-------- Data supplied --------

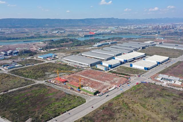 圖為重慶東港汽車電子產(chǎn)業(yè)園項目建設(shè)施工現(xiàn)場(無人機照片)。新華社記者 唐奕 攝
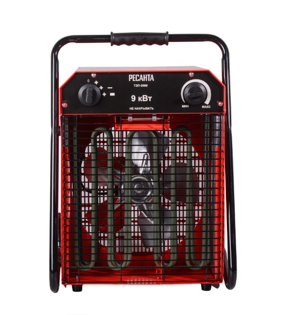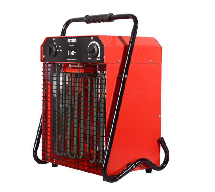 Тепловая электрическая пушка РЕСАНТА ТЭП-9000 предназначена для вентиляции и обогрева жилых и производственных помещений, складов, гаражей, а также для обогрева и сушки в строительстве.
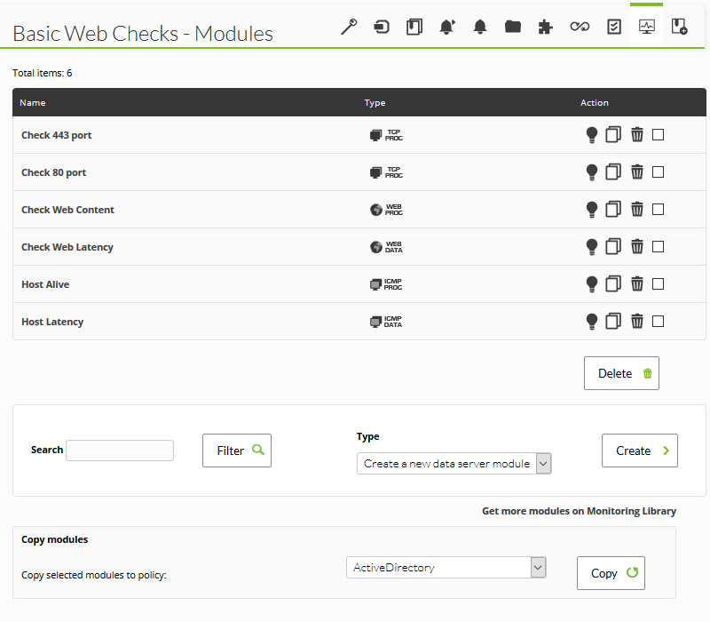 Эти модули создаются в политике, и при применении политики они также создаются в Агенте. Это обычные модули, созданные в политиках.
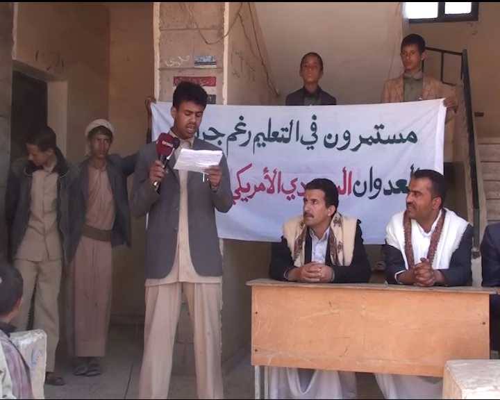 نظم طلاب مدرسة عذبان بمديرية الوحدة بالأمانة وطلاب مديرية جحانة بمحافظة صنعاء اليوم الاثنين وقفتين منفصلتين تنديدا بجرائم العدوان السعودي الأمريكي بحق اليمنيين.
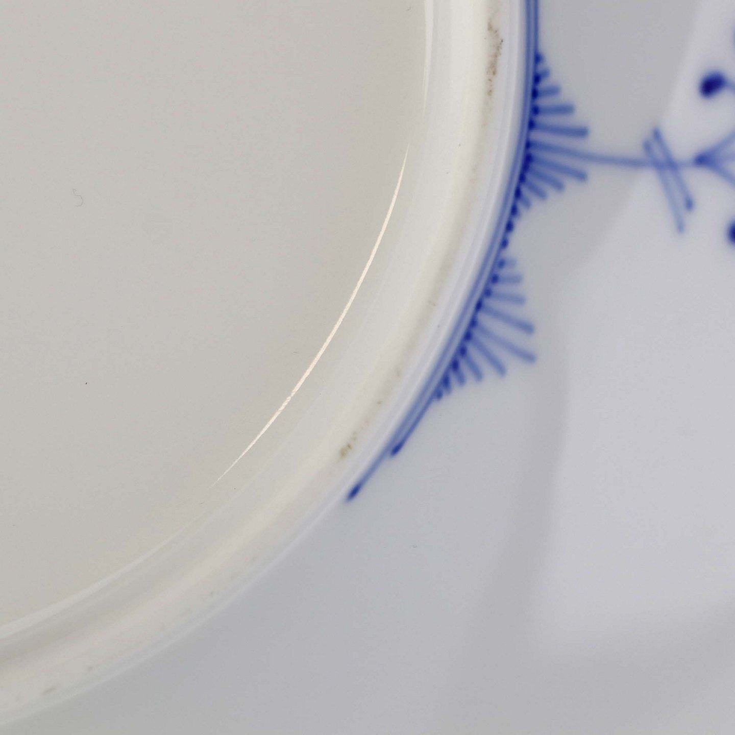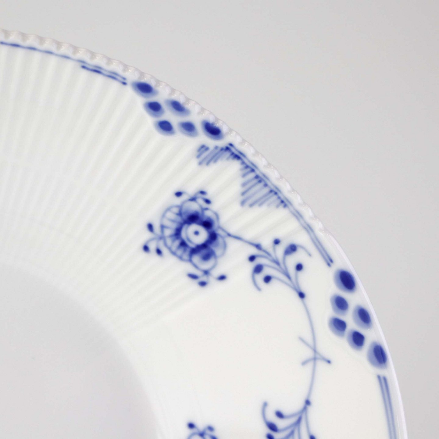 Service i glat porcelæn med let riflet kant og blå dekoration

--------

[Task goal] Copy the listing exactly, omitting pictures.

[Answer to this exercise]
 圖為重慶東港汽車電子產(chǎn)業(yè)園項目建設(shè)施工現(xiàn)場(無人機照片)。新華社記者 唐奕 攝
 Тепловая электрическая пушка РЕСАНТА ТЭП-9000 предназначена для вентиляции и обогрева жилых и производственных помещений, складов, гаражей, а также для обогрева и сушки в строительстве.
 Эти модули создаются в политике, и при применении политики они также создаются в Агенте. Это обычные модули, созданные в политиках.
 نظم طلاب مدرسة عذبان بمديرية الوحدة بالأمانة وطلاب مديرية جحانة بمحافظة صنعاء اليوم الاثنين وقفتين منفصلتين تنديدا بجرائم العدوان السعودي الأمريكي بحق اليمنيين.
 Service i glat porcelæn med let riflet kant og blå dekoration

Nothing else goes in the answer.